Work to be completed: Take the whole listing and reproduce it exactly, pictures excepted.

Source material:
━━━━━━━━

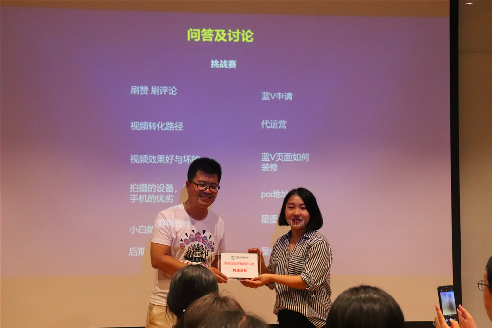 在提问环节,来自“青岛市市立医院”、“青岛吃货君”、“爱尚青岛”、“CCTV发现之旅”、“西北工业大学青研院专业学位中心”等平台的抖音运营人就各自运营中存在的问题与李世东进行了一番探讨,得到了李世东以及都会文化MCN机构其他同事的耐心解答。
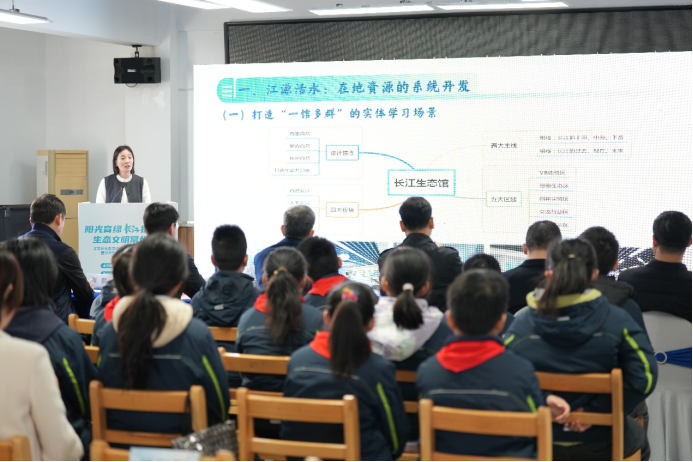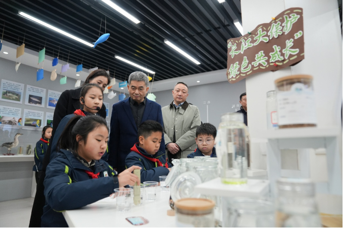 活动在新北区圩塘中心小学的长江生态文明教育特色成果展中拉开序幕。作为“江苏省国际生态学校示范校”和“全省首批、全市唯一”获此殊荣的学校,该校依托长江岸线资源,构建了“知长江—护长江—创未来”三位一体的教育体系。现场,与会嘉宾参观了长江生态馆、学生生态作品展及“一馆多群”实体学习场景,亲身感受学校如何将生态理念融入课程、活动与校园文化。
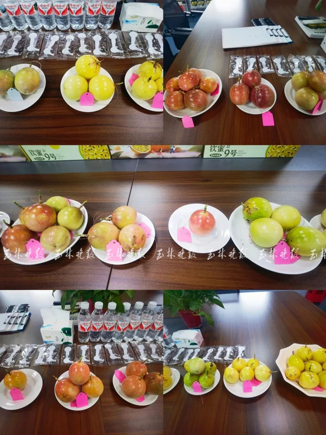 品鉴会上,工作人员将新培育的百香果新品种进行编号、整齐摆放在桌面上,提供给来自各地的领导、嘉宾、专家、百香果种植业主、百香果销售人员、喜欢吃百香果的“美食者”等一同品尝。品尝后,品尝者还分别对每个品种的味道、口感、香气、色泽等进行进行综合打分,满分为100分。大家品尝后普遍反映,这批百香果新品种甜度高、色泽好、香气浓郁。特别是香味,有10多个品种的香味鲜明,有水蜜桃香、菠萝香、柠檬香、芒果香、荔枝香等,每个品种的打分都超过85分,品鉴会圆满成功。

━━━━━━━━

Answer box:
 在提问环节,来自“青岛市市立医院”、“青岛吃货君”、“爱尚青岛”、“CCTV发现之旅”、“西北工业大学青研院专业学位中心”等平台的抖音运营人就各自运营中存在的问题与李世东进行了一番探讨,得到了李世东以及都会文化MCN机构其他同事的耐心解答。
 活动在新北区圩塘中心小学的长江生态文明教育特色成果展中拉开序幕。作为“江苏省国际生态学校示范校”和“全省首批、全市唯一”获此殊荣的学校,该校依托长江岸线资源,构建了“知长江—护长江—创未来”三位一体的教育体系。现场,与会嘉宾参观了长江生态馆、学生生态作品展及“一馆多群”实体学习场景,亲身感受学校如何将生态理念融入课程、活动与校园文化。
 品鉴会上,工作人员将新培育的百香果新品种进行编号、整齐摆放在桌面上,提供给来自各地的领导、嘉宾、专家、百香果种植业主、百香果销售人员、喜欢吃百香果的“美食者”等一同品尝。品尝后,品尝者还分别对每个品种的味道、口感、香气、色泽等进行进行综合打分,满分为100分。大家品尝后普遍反映,这批百香果新品种甜度高、色泽好、香气浓郁。特别是香味,有10多个品种的香味鲜明,有水蜜桃香、菠萝香、柠檬香、芒果香、荔枝香等,每个品种的打分都超过85分,品鉴会圆满成功。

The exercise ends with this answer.